|
MaM: Multiple alignment
Manipulator
What's MaM?
MaM is a software tool that processes and manipulates multiple
alignments of genomic sequences.
MaM computes the exact locations of common repeat elements in multiple
aligned sequences, provided by a variety of user identified programs
databases and tables.
It then graphically displays how the alignment quality varies
throughout the aligned sequences, providing separate displays for the
repeat and non-repeat portions.
Latest Version
Latest version of MaM is 1.4.2; last update was on March 20,
2006. Check back here for further updates.
Changelog
Availability
MaM is freely available for non-commercial use. You can download the
source code
here. For more
information, you can download the paper describing MaM here.
WebMaM: Web Interface for MaM
The web interface for MaM is
hosted at LIRMM.
Authors
The authors of the program are
Can Alkan and Eray
Tüzün.
References
If you use MaM or WebMaM in your projects, please cite the following:
"Manipulating Multiple Sequence Alignments via MaM and WebMaM",
Can Alkan, Eray Tuzun, Jerome Buard, Franck Lethiec, Evan E. Eichler,
Jeffrey A. Bailey, S. Cenk Sahinalp.
Nucleic Acids Res. 2005 Jul 1;33(Web Server issue):W295-8.
Documentation
-
Configuration File:
At the first run of
MaM, regardless of using any options, it will create a configuration
file named ".mam-config" in the home directory of the user. MaM will
try to guess the locations for RepeatMasker, cross_match, sim4
and gnuplot programs, if the Unix/Linux utility which
is
installed. If not, MaM will create an empty file. Users are strongly
recommended to check the contents of the ".mam-config" file, and edit
if necessary. A sample configuration file can be found here .
-
Input Files:
MaM requires a single text file containing the alignment of multiple
sequences. The input formats supported by MaM are Clustal, NEXUS, MEGA, Fasta, and
Phylip.
Click on the file format name
to get an example file of the same alignment.
-
Output Files:
The output formats for MaM are the same with the input formats, but
MaM can also output in identity dot representation
format and also HTML format. Click here
to get an example file. HTML format looks the same with ClustalW
format; however, bases that are the same with the consensus in the
same location (i.e. majority base in that column) are marked with cyan
background, and those different are marked with pink. If all the bases
in a given column is the same, no marking is done. This is
particularly useful if the overall sequence divergense is to low and
if the user wishes to see the differences clearly. However; HTML
output option is not recommended if the overall sequenc divergence is
high: in that case the output HTML file will be huge. Click here to get an example HTML file.
-
Supported programs:
- RepeatMasker
- cross_match
- sim4
- table file (native to MaM): This option is
native to MaM, and a
table file is basically a text file that contains a table of motif
begin and end locations of the regions of interest. Instead of using
repeatmasker, cross_match or sim4 to determine the repeat/unique
regions or intronic/exonic regions, the user can opt to use this
property to determine the interesting regions. The subalignments given
in the table file will be regarded as "repeats" by the rest of the
MaM processing. The table file format should be as follows:
<sequence_name_1> <start_loc1> <end_loc1>
<sequence_name_2> <start_loc1> <end_loc1>
...
<sequence_name_n> <start_loc1> <end_loc1>
...
<sequence_name_1> <start_loc2> <end_loc2>
<sequence_name_2> <start_loc2> <end_loc2>
...
The user can give as many "interesting" regions as needed; but here
the start and end locations should be the coordinates in the original
sequence (not the coordinates on the alignment). Click here
for the sample
table file generated for the above input files, that mark all the
sequence as "interesting" region.
- convert (native to MaM): This option can be used
if the user only
intents to convert file formats.

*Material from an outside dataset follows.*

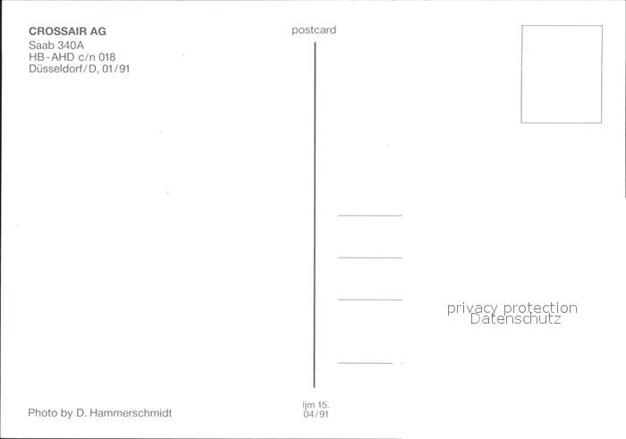 Flugzeuge Zivil Crossair Saab 340A HB-AHD c/n 018 postalisch nicht gelaufen Erhaltung siehe scans
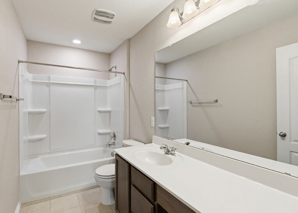 This move-in ready home offers a bright open-concept layout with a living and dining combo that flows into an island kitchen. The kitchen provides generous cabinet and counter space and includes refrigerator, washer, dryer, range, microwave, and dishwasher**. The **primary bedroom is located downstairs and features a separate tub and shower. Additional bedrooms provide flexible space for family, guests, or home office use. Flooring includes ceramic tile in common areas and carpet in bedrooms. The home also features ceiling fans, some window coverings, a two-car attached garage, and a private backyard. Conveniently located minutes from I-35, with access to shopping, dining, Randolph AFB, and SCUC ISD schools. Come tour today!

No more processing will be done, only
the input alignment will be converted to other formats as specified by
-clustal, -nexus, -mega, -fasta, -phylip, -html
and -identity options.
- none (native to MaM): When this option is
selected, MaM will do
no processing at all. This option is useful only when used with
-alnstats and/or -consensus
option(s) as described below.
-
Divergence Rate
Calculation:
MaM displays the quality of alignment by sliding a window (whose size
is determined by the user) through the whole alignment. MaM computes
the divergence score for the
alignment confined in each window position and displays how this score
varies over the whole alignment.
For calculating the divergence score within a window, the user has
three choices:
- pairwise deletion: The first
option is using sum-of-pairs
score, where every pair of bases in the same column of the alignment
are compared to each other, and the ratio of diverging pairs (not
counting the gaps) are reported.
- complete deletion: The second
option is the same except all the columns that contain a gap / deletion
from the alignment are ignored.
- parsimony score: The last
option returns
the ratio of the bases that differ from the mostly occuring base in the
same column.
Example: Let a given column of an alignment of 10 sequences be
ATTG--GTCT. For this column, pairwise deletion
option will compare every pair of bases (excluding gaps): AT, AT, AG,
AG, AT, AC, AT; TT, TG, TG, TT, TC, TT; etc., thus returning
sum-of-pairs score of 18. The complete deletion
option will discard the whole column since it includes at least one (in
this case, two) gap, thus returning sum-of-pairs score of 0. It would
however return the same value with pairwise deletion
option for all columns that do not include a gap. The last option
parsimony score will first find out that T is the most
abundant character in that column, and count the number of non-T bases,
returning 6. Of course, this score will be normalized with respect to
the number of sequences and window length to compute the divergence
rate at the end of the process.
-
List of options:
MaM is a menu-driven program for the ease of usability. However it is
also possible to use MaM with command line options with the same
functionality, thus enabling the user to call MaM via other
scripts:
- -program: One of
repeatmasker, crossmatch, sim4,
table, convert, or none (the user should
also import own tablefile via the
exonfile option if table is selected).
- -exonfile: If table
is selected for the program option, exonfile
is a table of motif begin and end locations. Otherwise, the user
imports a cDNA file using this parameter; in that case the selected
program (repeatmasker, crossmatch, sim4)
finds the locations of exons instead of
repeats.
- -update: Toggle updating locations
on/off. This option can
be selected only if the program is set to table.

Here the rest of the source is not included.